Actually, loving in that way is not really love, it’s a form of clinging, something many of us (myself included) mistake for love. Loving yourself is important, but the real skill lies in exploring what you consider your self to be. For me (and this is part of my theoretical orientation <-- smart-sounding phrase), coming back to love meant that my sense of self changed as I let go of limiting beliefs about my self. How I perceive that mess of entanglements, coincidences, and floating pieces of conditioned debris I call “my self” today is very different from how I saw that nineteen years ago. For one thing, it includes more of my world: there’s me, my loved ones, my community, my state, my nation -- the world! I am not separate from all that.

Therefore, part of genuinely loving yourself is letting go of those parts that bring you unnecessary pain. When you love, there’s no clinging, there’s only freedom -- pure consciouness. We don’t see love in that way. We love somebody only if they agree to love us back. Or if we have someone that loves us, we guard that love as if it were a rare commodity. The upshot being that we sometimes live in fear of losing that love. For me, that’s not love, that’s a form of psychosis. If your relationship is based on mutual need, eventually that relationship will fail. any relationship not based on love is on shaky ground to begin with.

I’m sure by now someone reading this will be shaking his or head and thinking that I don’t know what the fuck I’m talking about and they may be right. However, how has it worked for you otherwise? I am aware of the internet phenomenon in which people who respond are sometimes perfect beings, were raised without hang-ups, are in perfect relationships, or used to be in “bad” relationships, but no longer are, and are well-adjusted, highly realized human beings. If you’re one of these individuals, then you shouldn’t read my blog, this is for the rest of us deeply fragmented, clueless, and mistake-prone mere mortals.

Life, for me, is an experiment; joy its intended result.

You can approach life as an artist/ scientist. Scientists take action and then observe the results. If that action does not bring the desired effect, they keep changing the actions until they find one that brings the results that are wanted. With an approach like this, you can observe the results of your actions and in that way move toward the desired result.

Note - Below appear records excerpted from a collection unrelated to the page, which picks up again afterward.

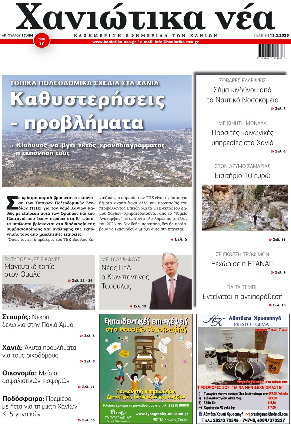 ΧΑΝΙΩΤΙΚΑ ΝΕΑ - 13 Φεβρουαρίου 2025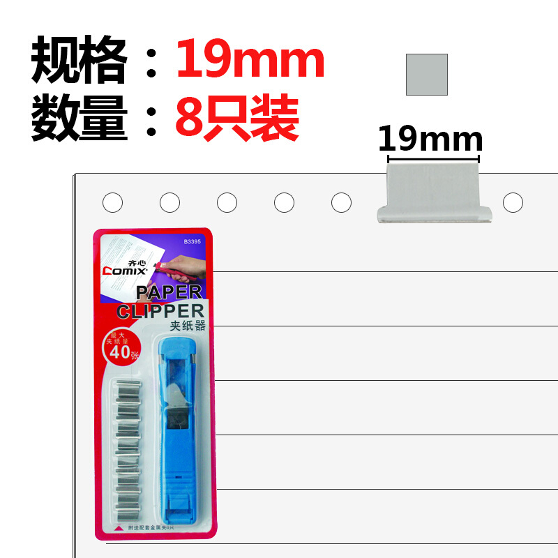齐心 B3395 推夹器 中号 附送8枚补充夹 蓝色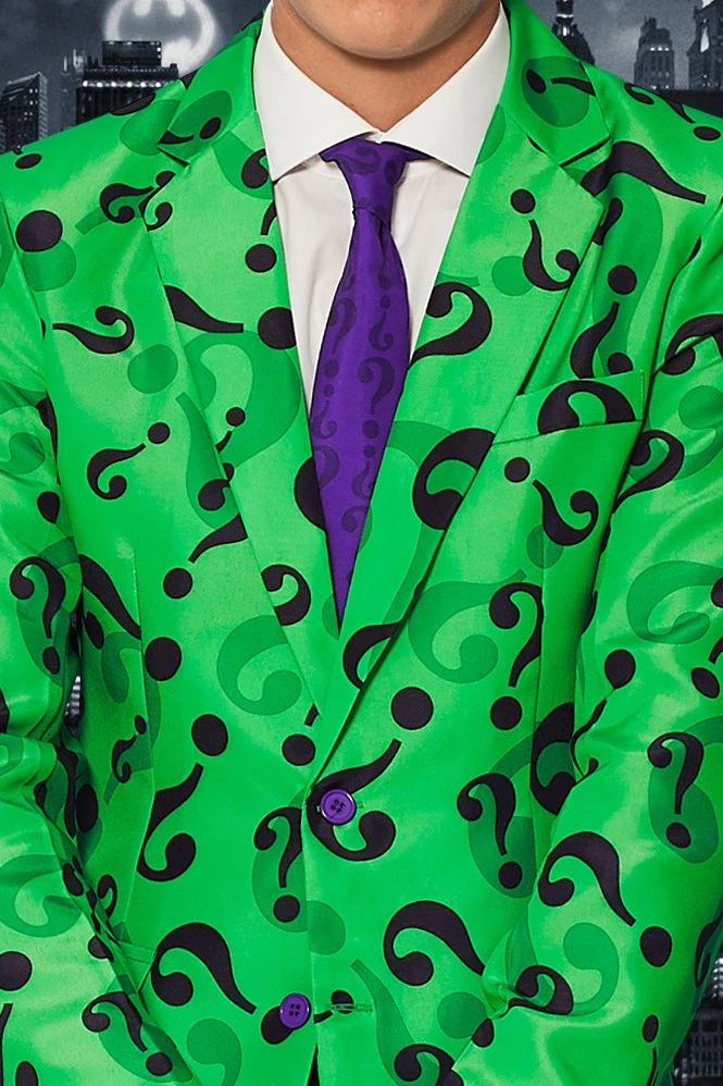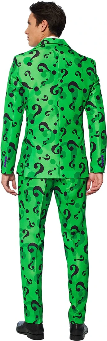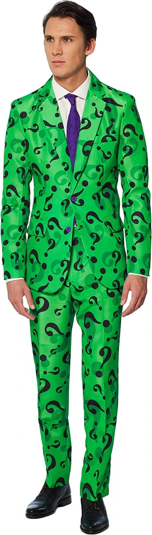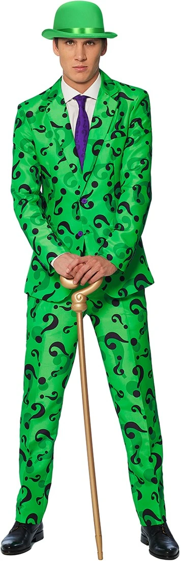 Ik zie, ik zie wat jij niet ziet…en het is…groen. Dit The Riddler kostuum van Suitsmeister maakt van jou het geheimzinnigste mysterie van de dansvloer. Je kunt vragen stellen wat je wilt, maar een ding is zeker: Dit kostuum staat voor 100% feestgarantie!
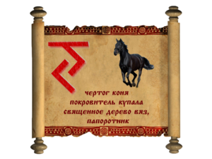 У словенској култури Коњ је сунчани и ватрени симбол, који је повезан са породичним благостањем и плодношћу земље. Представници овог чертога су под окриљем словенског бога Купала, који персонификује вечну младост, и способни су да очисте сва три људска сушатаства (душу, тело и дух) од разних тегоба и тамне енергије, која се накупља током живота.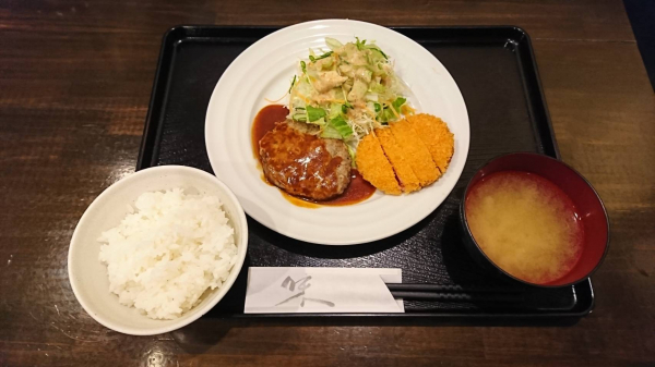 12/07 デミソースハンバーグ、ハムカツ(珈琲付¥850-)

Let’s assume the desired result is joy. If you are experiencing pain, you can change what you do. You can also note which actions result in joy and expand on that expression.

As an artist, you can paint the picture of your life. If there are some elements, colors, or textures that do not fit your artistic vision of life, then it’s probably not working for you. Artists take risks and experiment in order to get in touch with their inner expression. Take the artistic risk and get in touch inside.

How?

Well, what ways have you tried in the past? How has going from one marriage to another, one relationship to another, worked for you? If your approach is to place the power of your vision externally (blaming others, God, etc.), the results -- joy -- will be limited by those outside factors. If your mood is dependent on whether it rains or not, for example, then it is safe to say that you’re going to be a crabby biatche a significant amount of the time.

Let's take loneliness. Oftentimes, we look for and stay in otherwise unrewarding relationships because we ant to avoid feeling lonely. Many people have confided in me that being with someone beats being lonely even if the relationship brings a lot of pain. My question then is: is that really true? How many times have you held someone in your arms and still feel a profound loneliness? Take a moment and look at everything you do and ask the question, “Does this bring me joy?” That is the only criteria to use, as you look at your life as an artistic scientist.